Biography Of Angeliki Cooney | Senior Vice President Life Sciences | Albany, ...Biography Of Angeliki Cooney | Senior Vice President Life Sciences | Albany, ...
Biography Of Angeliki Cooney | Senior Vice President Life Sciences | Albany, ...
 
Six Myths about Ontologies: The Basics of Formal Ontology
Six Myths about Ontologies: The Basics of Formal OntologySix Myths about Ontologies: The Basics of Formal Ontology
Six Myths about Ontologies: The Basics of Formal Ontology
 
AWS Community Day CPH - Three problems of Terraform
AWS Community Day CPH - Three problems of TerraformAWS Community Day CPH - Three problems of Terraform
AWS Community Day CPH - Three problems of Terraform
 
DEV meet-up UiPath Document Understanding May 7 2024 Amsterdam
DEV meet-up UiPath Document Understanding May 7 2024 AmsterdamDEV meet-up UiPath Document Understanding May 7 2024 Amsterdam
DEV meet-up UiPath Document Understanding May 7 2024 Amsterdam
 
Architecting Cloud Native Applications
Architecting Cloud Native ApplicationsArchitecting Cloud Native Applications
Architecting Cloud Native Applications
 
Mcleodganj Call Girls 🥰 8617370543 Service Offer VIP Hot Model
Mcleodganj Call Girls 🥰 8617370543 Service Offer VIP Hot ModelMcleodganj Call Girls 🥰 8617370543 Service Offer VIP Hot Model
Mcleodganj Call Girls 🥰 8617370543 Service Offer VIP Hot Model
 
EMPOWERMENT TECHNOLOGY GRADE 11 QUARTER 2 REVIEWER
EMPOWERMENT TECHNOLOGY GRADE 11 QUARTER 2 REVIEWEREMPOWERMENT TECHNOLOGY GRADE 11 QUARTER 2 REVIEWER
EMPOWERMENT TECHNOLOGY GRADE 11 QUARTER 2 REVIEWER
 
Polkadot JAM Slides - Token2049 - By Dr. Gavin Wood
Polkadot JAM Slides - Token2049 - By Dr. Gavin WoodPolkadot JAM Slides - Token2049 - By Dr. Gavin Wood
Polkadot JAM Slides - Token2049 - By Dr. Gavin Wood
 
MS Copilot expands with MS Graph connectors
MS Copilot expands with MS Graph connectorsMS Copilot expands with MS Graph connectors
MS Copilot expands with MS Graph connectors
 
ICT role in 21st century education and its challenges
ICT role in 21st century education and its challengesICT role in 21st century education and its challenges
ICT role in 21st century education and its challenges
 
Navigating the Deluge_ Dubai Floods and the Resilience of Dubai International...

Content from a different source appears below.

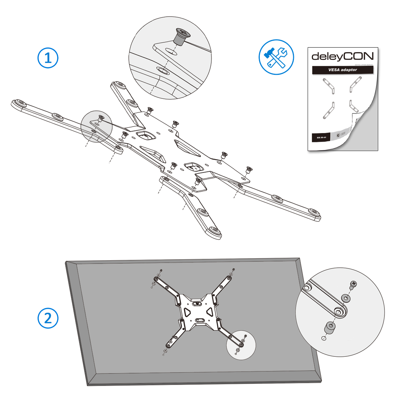Mit den deleyCON VESA Adaptern können Sie Ihre vorhandenen Geräte auf einen größeren VESA Standard adaptieren.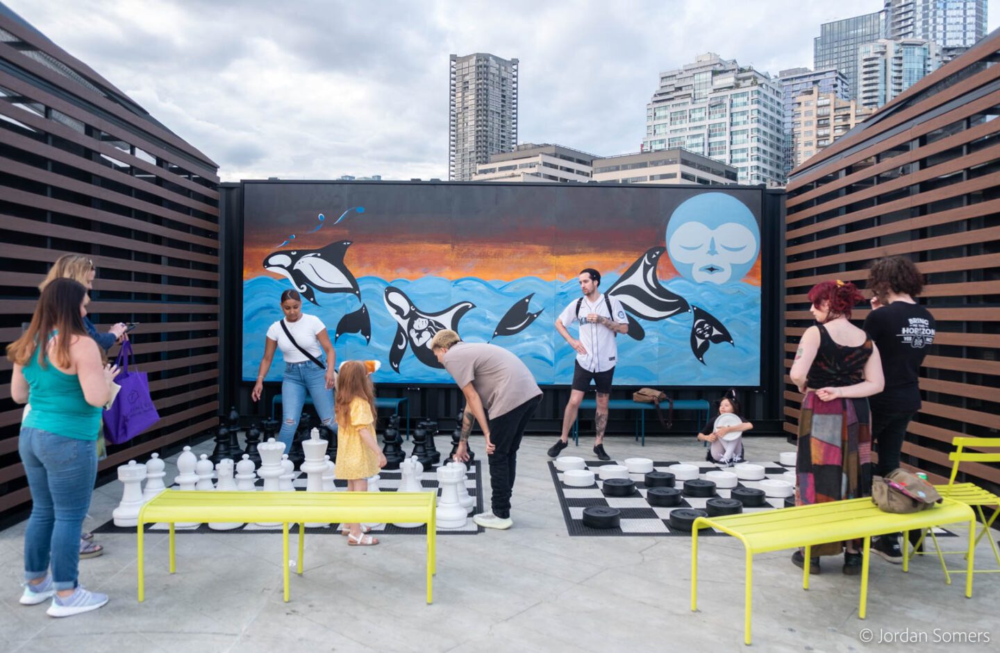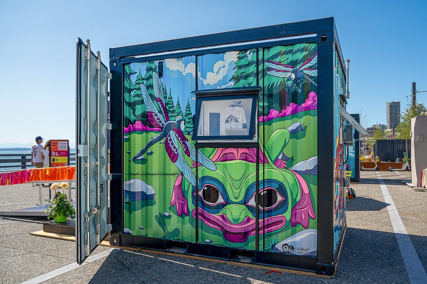 Murals by Sarah Folden (Cowlitz) found on our Promenade Pop-up kiosks. Photo by Growing Boy Media.

Navigating the Deluge_ Dubai Floods and the Resilience of Dubai International...Navigating the Deluge_ Dubai Floods and the Resilience of Dubai International...
Navigating the Deluge_ Dubai Floods and the Resilience of Dubai International...
 
Vector Search -An Introduction in Oracle Database 23ai.pptx
Vector Search -An Introduction in Oracle Database 23ai.pptxVector Search -An Introduction in Oracle Database 23ai.pptx
Vector Search -An Introduction in Oracle Database 23ai.pptx
 
Apidays New York 2024 - APIs in 2030: The Risk of Technological Sleepwalk by ...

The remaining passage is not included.